Records contained in a dataset
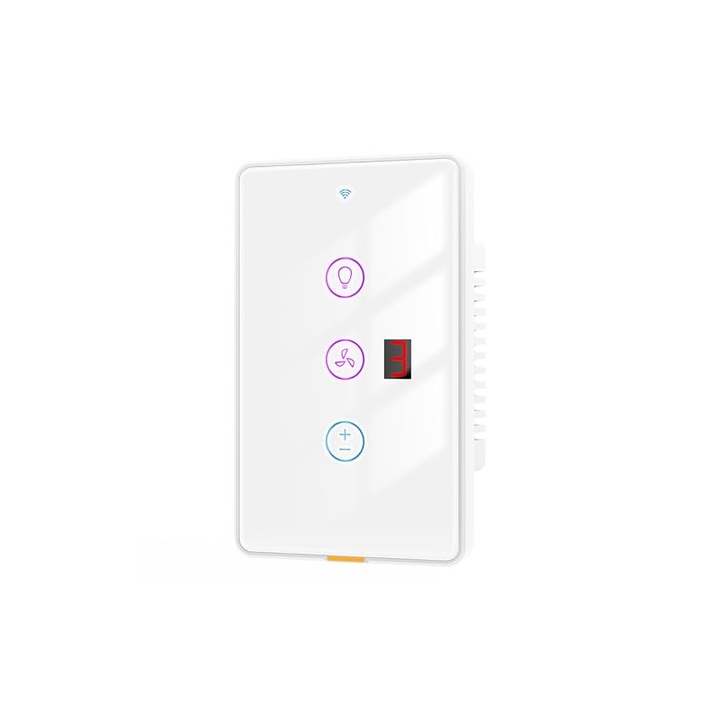 - Memory Feature: After a power failure, the smart fan light switch restores to its previous state. It also features a red indicator light (purple when on, blue when off) and a fluorescent strip at the bottom for easy nighttime location, emitting a gentle glow that won't disrupt your sleep. The indicator light can be turned off via the Smart Life app.
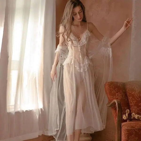 Dam Chemise Vit Polyester Spets Stretch Chemise
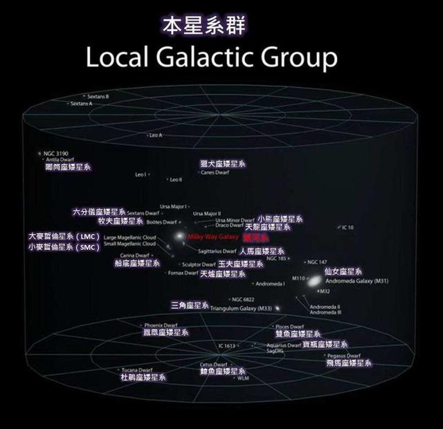 我们把视角再次拉远,看看银河系之外,会发现银河系实际上也非常渺小,银河系和仙女座大星系等十几个星系共同归属于本星系群,而这块薄饼的覆盖面积直径足有1.1亿光年。
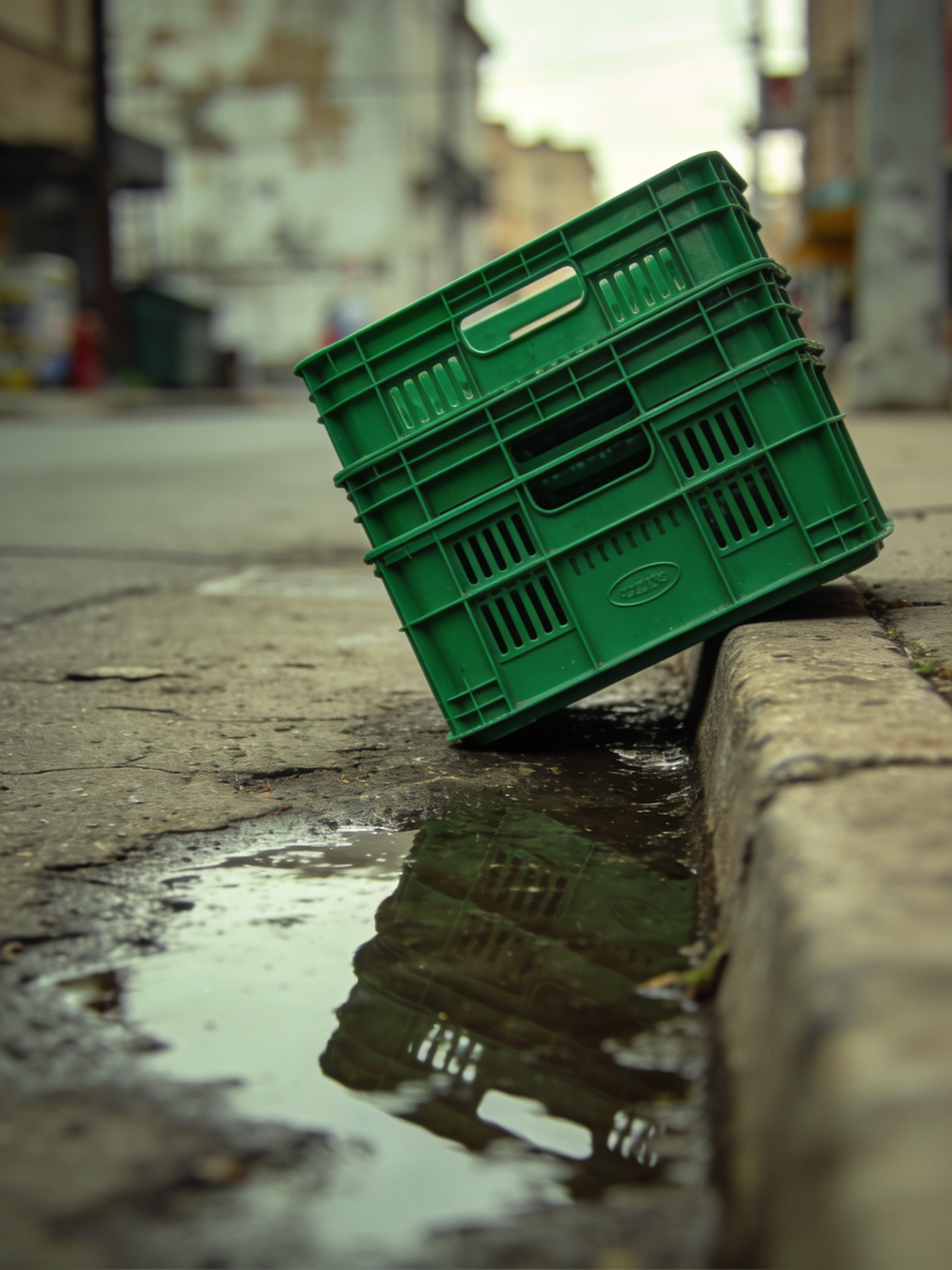 Cinematic street photography, realistic city textures, muted surroundings with green as hero color, soft daylight, gentle film grain, subtle halation, shallow depth of field, 50mm lens look. Angled shot of green plastic crates stacked near a curb, puddles reflecting their color, street surface worn and damp, calm everyday atmosphere. No logos, no readable text, no brand names.
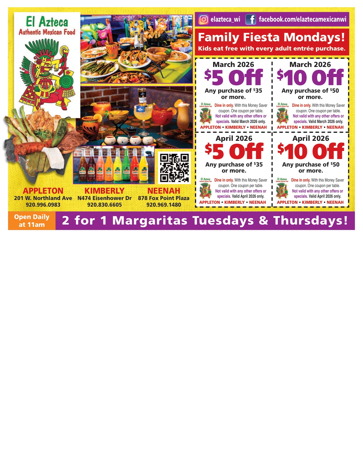 2 for 1 Margaritas Tuesdays & Thursdays!
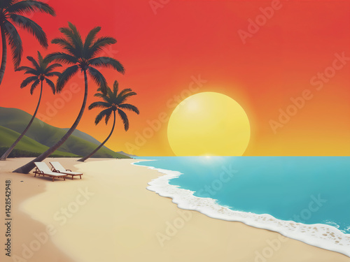 © REDMIXX, Obraz premium tropical beach with palm tree illustration
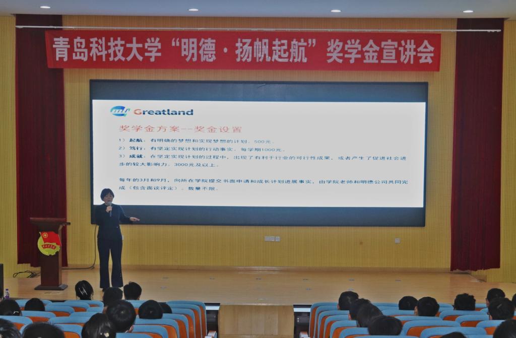 马翠萍对李明兰一行表示热烈欢迎,对奖学金的设立表示感谢。她表示,宣讲有助于帮助员工提前了解工作市场,对未来的发展有进一步规划,此次合作是加强产教融合、校企合作,促进教育链、人才链与产业链、创新链的有效衔接”的具体落实,希望以奖学金的设立为契机,进一步深化校企合作,拓宽合作领域,形成协同育人合力。李明兰对海洋公司的欢迎和细致的安排表示感谢,介绍企业的整体情况,就围绕科技合作交流、人才培养、实习实践等方面进行了深入的探讨并达成了共识。
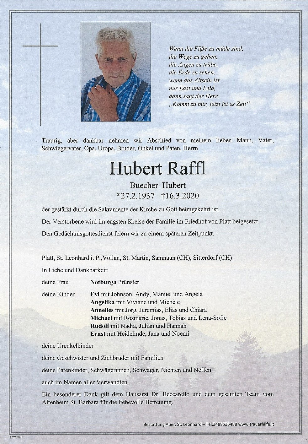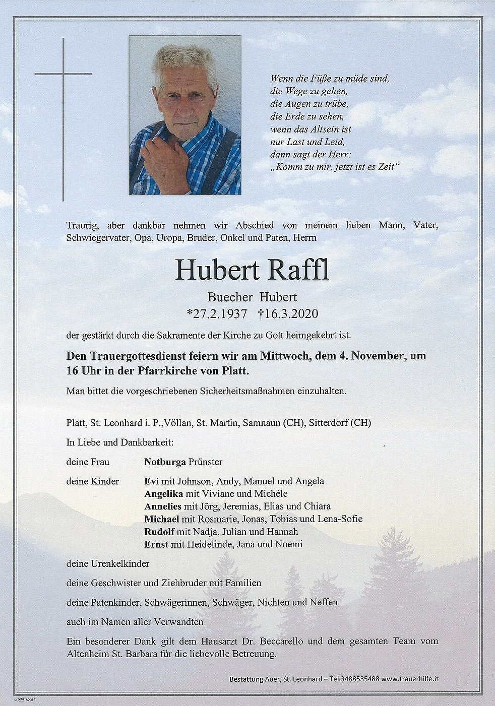 Den Trauergottesdienst feiern wir am Mittwoch, 4. November, um 16 Uhr in der Pfarrkirche von Platt.
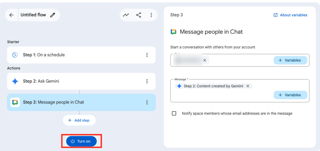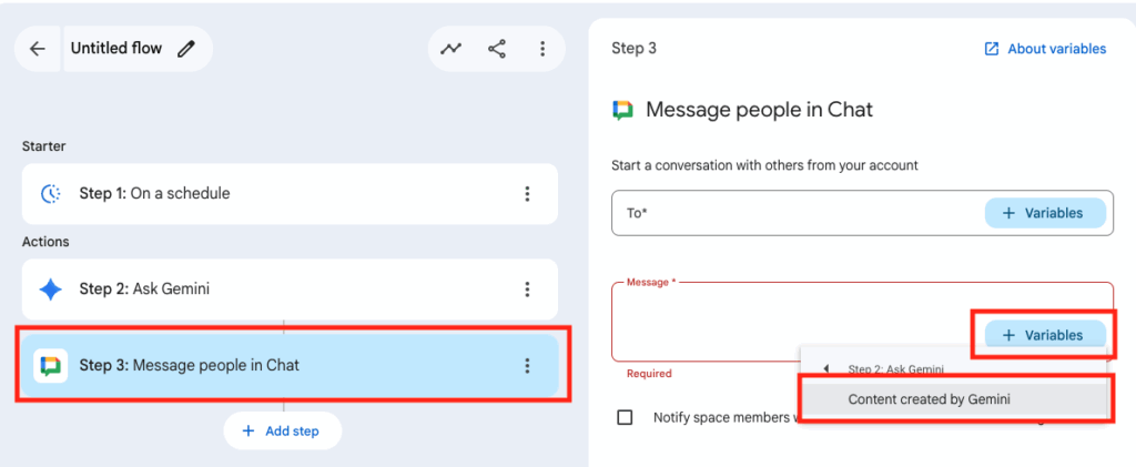 次にStep3のアクションとして「Message people in Chat」を指定します。その上で、詳細設定には「To」に自分の宛先、「Message」には、Step2の「Content created by Gemini」を指定します。
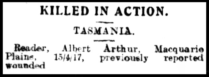 Albert was his christian name. He was a S./B. [Stretcher-bearer]. I did not know him personally. Pte. James of A Co. (now undergoing a sentence of 12 months) told me he saw Reader shot in the stomach on Easter Sunday morning at Boursies, while stretcher bearing. They had to leave him. S/B McIntyre of A Co. (now with the battn.) would know more particulars. He was stretcher bearing with Reader at the same time.31
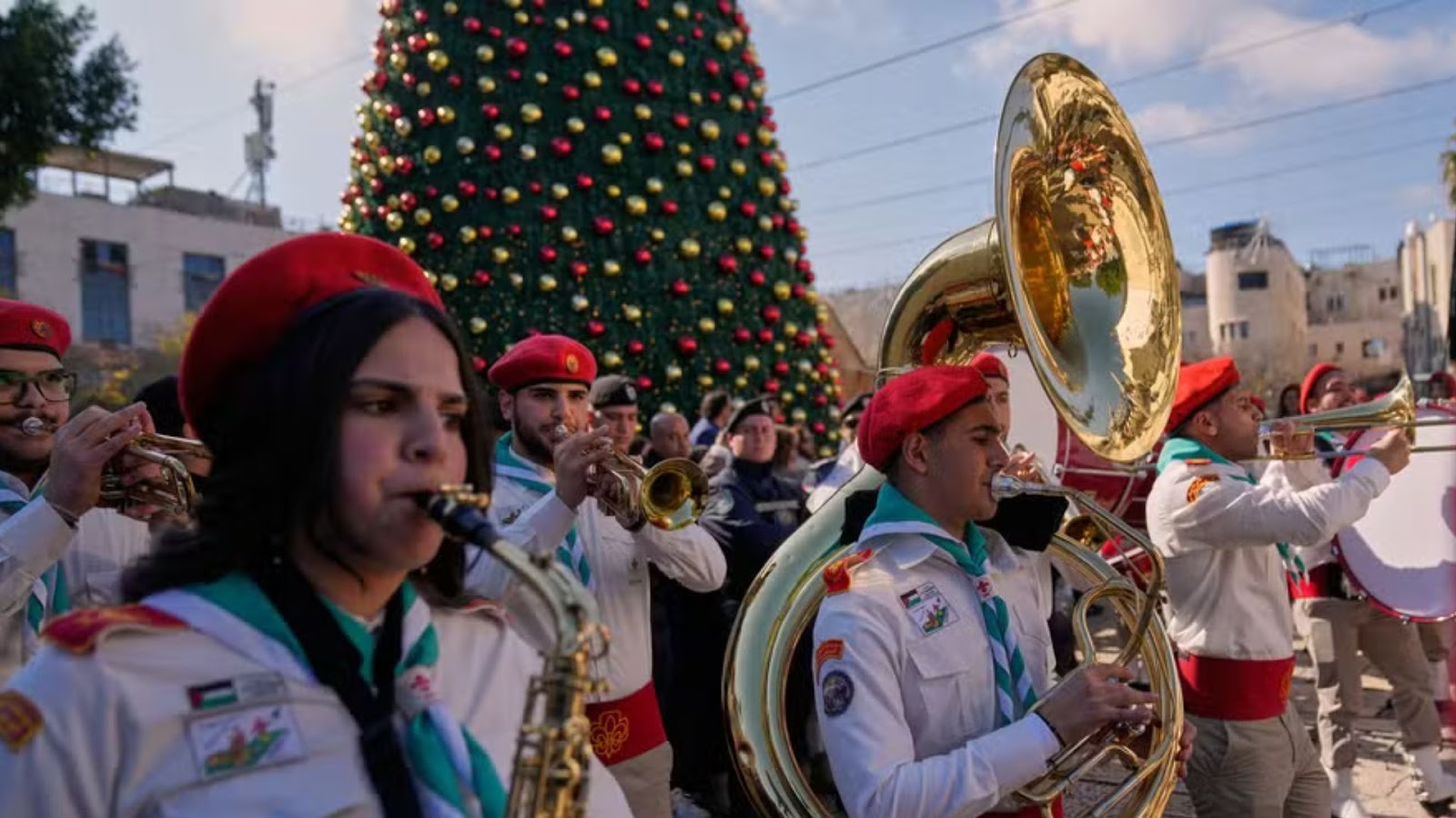 Escoteiros desfilaram pelas ruas estreitas com uniformes e cânticos natalinos, enquanto uma grande árvore decorada ostenta bolas vermelhas e douradas ao lado da basílica.
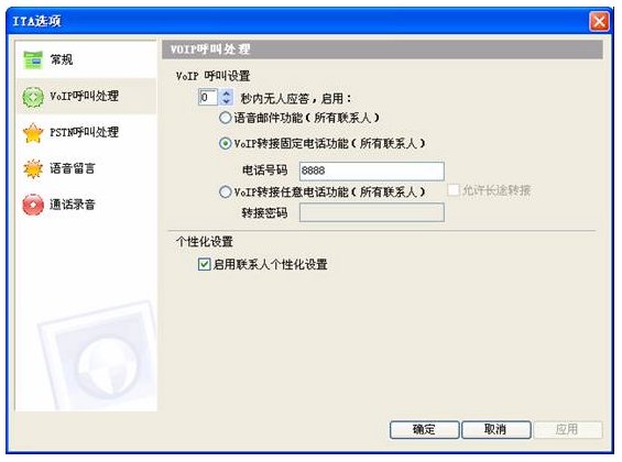 啟動 VoIP呼叫轉(zhuǎn)接固定電話功能,設(shè)置0秒啟動,轉(zhuǎn)接固定電話號碼為交換機內(nèi)置語音引導(dǎo)號。如圖,8888是深圳交換機上配置的語音引導(dǎo)號,直接撥打8888會聽到“歡迎致電某某公司,請直撥分機號碼,查號請撥
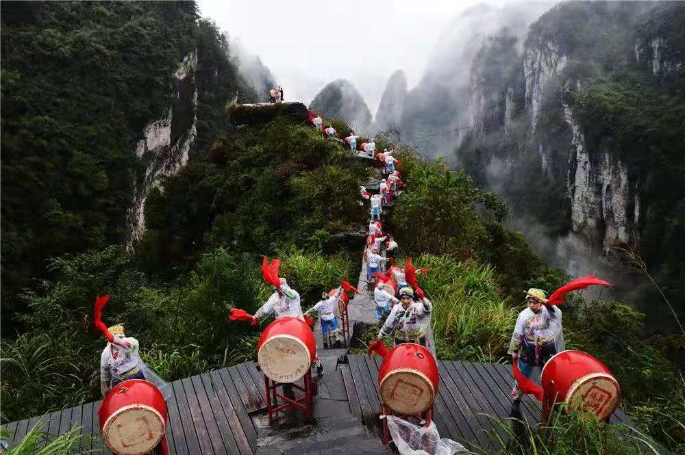 在湖南湘西土家族苗族自治州吉首市德夯天問臺(tái),苗族演員在表演苗鼓舞(2018年10月20日攝)
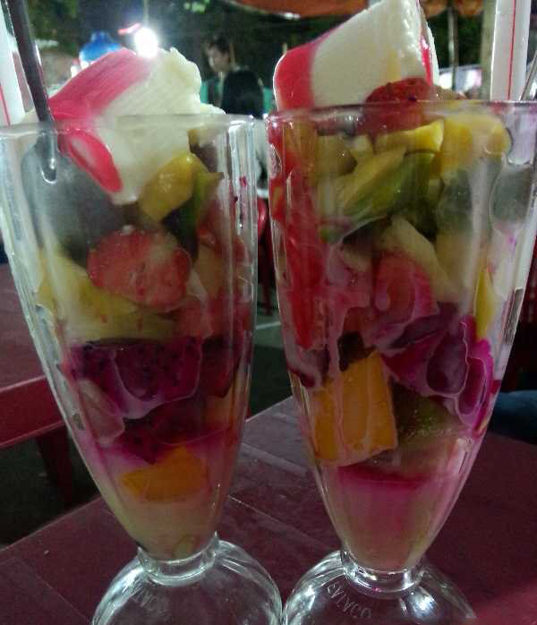 Bạn có thể ăn được cả món mặn rồi đến các món tráng miệng thơm ngon, nổi tiếng ở đây như là trái cây dầm sữa chua, rau câu bánh flan hay bánh tráng nướng. Nơi đây còn liên tục cập nhật những món ngon đúng trào lưu như: Mì cay, bánh mì nướng muối ớt, xoài lắc, kem dừa, trà sữa… Chỉ cần bỏ túi 50.000 đồng, bạn đã được thưởng thức nhiều món ngon, no cả bụng.
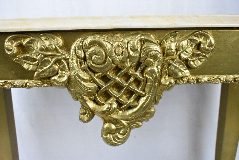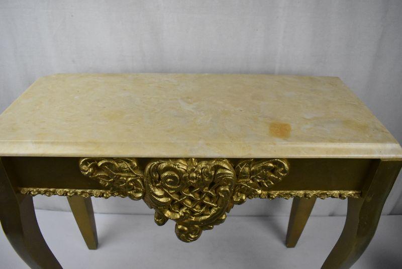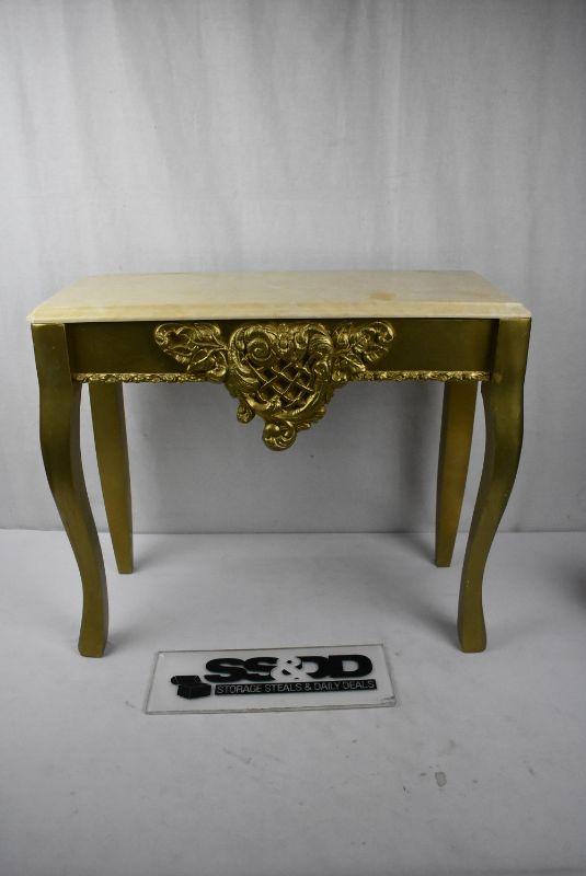 Side Table. Painted Gold, Top is faux marble & not attached. Chipped Corners
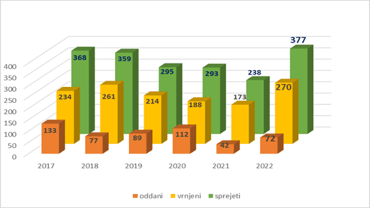 Od znanega lastnika je bilo z odločbo uradnega veterinarja trajno odvzetih 23 psov, kar je kar 17 psov več kot leta 2021. V zavetišče je bilo s strani skrbnika predanih 10 psov, kar je petkratno povečanje glede na leto poprej.
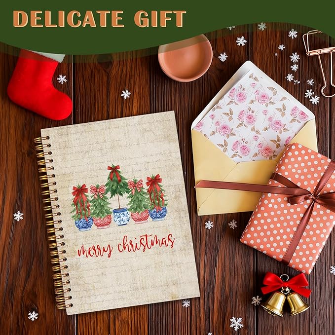 Exqcom Red and Blue Chinoiserie Christmas Tree Spiral Notebook Gifts, Grandmillennial Christmas Retro Journal for Women, Preppy Red Bow Hardcover Notebook Journal Office School Supplies, 5.5x8.3 Inch
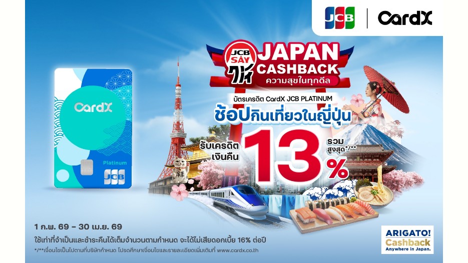 CardX ผู้ให้บริการบัตรเครดิตและสินเชื่อบุคคลภายใต้กลุ่มเอสซีบีเอกซ์ เดินหน้าตอกย้ำกลยุทธ์มอบความคุ้มค่าในการใช้จ่ายต่างประเทศ รับเทรนด์คนไทยเดินทางญี่ปุ่นพุ่งแรงอย่างต่อเนื่อง จับมือ JCB เปิดแคมเปญพิเศษ “JAPAN CASHBACK ให้ความสุขในทุกดีล” มอบสิทธิประโยชน์สุดคุ้มสำหรับลูกค้าบัตรเครดิต CardX JCB PLATINUM ชวนช้อป กิน เที่ยวทั่วญี่ปุ่น รับเครดิตเงินคืนรวมสูงสุด 13%*/** เมื่อใช้จ่ายเป็นสกุลเงินเยน ตอบโจทย์นักเดินทางที่ต้องการความคุ้มค่าในทุกการใช้จ่าย ตั้งแต่วันที่ 1 ก.พ. 69 – 30 เม.ย. 69

# Task requirements
Find the line that contains "Escoteiros desfilaram pelas", then write out that line and every line after it through the end of the records, exactly. Leave the pictures out.

# Task answer
 Escoteiros desfilaram pelas ruas estreitas com uniformes e cânticos natalinos, enquanto uma grande árvore decorada ostenta bolas vermelhas e douradas ao lado da basílica.
 啟動 VoIP呼叫轉(zhuǎn)接固定電話功能,設(shè)置0秒啟動,轉(zhuǎn)接固定電話號碼為交換機內(nèi)置語音引導(dǎo)號。如圖,8888是深圳交換機上配置的語音引導(dǎo)號,直接撥打8888會聽到“歡迎致電某某公司,請直撥分機號碼,查號請撥
 在湖南湘西土家族苗族自治州吉首市德夯天問臺(tái),苗族演員在表演苗鼓舞(2018年10月20日攝)
 Bạn có thể ăn được cả món mặn rồi đến các món tráng miệng thơm ngon, nổi tiếng ở đây như là trái cây dầm sữa chua, rau câu bánh flan hay bánh tráng nướng. Nơi đây còn liên tục cập nhật những món ngon đúng trào lưu như: Mì cay, bánh mì nướng muối ớt, xoài lắc, kem dừa, trà sữa… Chỉ cần bỏ túi 50.000 đồng, bạn đã được thưởng thức nhiều món ngon, no cả bụng.
 Side Table. Painted Gold, Top is faux marble & not attached. Chipped Corners
 Od znanega lastnika je bilo z odločbo uradnega veterinarja trajno odvzetih 23 psov, kar je kar 17 psov več kot leta 2021. V zavetišče je bilo s strani skrbnika predanih 10 psov, kar je petkratno povečanje glede na leto poprej.
 Exqcom Red and Blue Chinoiserie Christmas Tree Spiral Notebook Gifts, Grandmillennial Christmas Retro Journal for Women, Preppy Red Bow Hardcover Notebook Journal Office School Supplies, 5.5x8.3 Inch
 CardX ผู้ให้บริการบัตรเครดิตและสินเชื่อบุคคลภายใต้กลุ่มเอสซีบีเอกซ์ เดินหน้าตอกย้ำกลยุทธ์มอบความคุ้มค่าในการใช้จ่ายต่างประเทศ รับเทรนด์คนไทยเดินทางญี่ปุ่นพุ่งแรงอย่างต่อเนื่อง จับมือ JCB เปิดแคมเปญพิเศษ “JAPAN CASHBACK ให้ความสุขในทุกดีล” มอบสิทธิประโยชน์สุดคุ้มสำหรับลูกค้าบัตรเครดิต CardX JCB PLATINUM ชวนช้อป กิน เที่ยวทั่วญี่ปุ่น รับเครดิตเงินคืนรวมสูงสุด 13%*/** เมื่อใช้จ่ายเป็นสกุลเงินเยน ตอบโจทย์นักเดินทางที่ต้องการความคุ้มค่าในทุกการใช้จ่าย ตั้งแต่วันที่ 1 ก.พ. 69 – 30 เม.ย. 69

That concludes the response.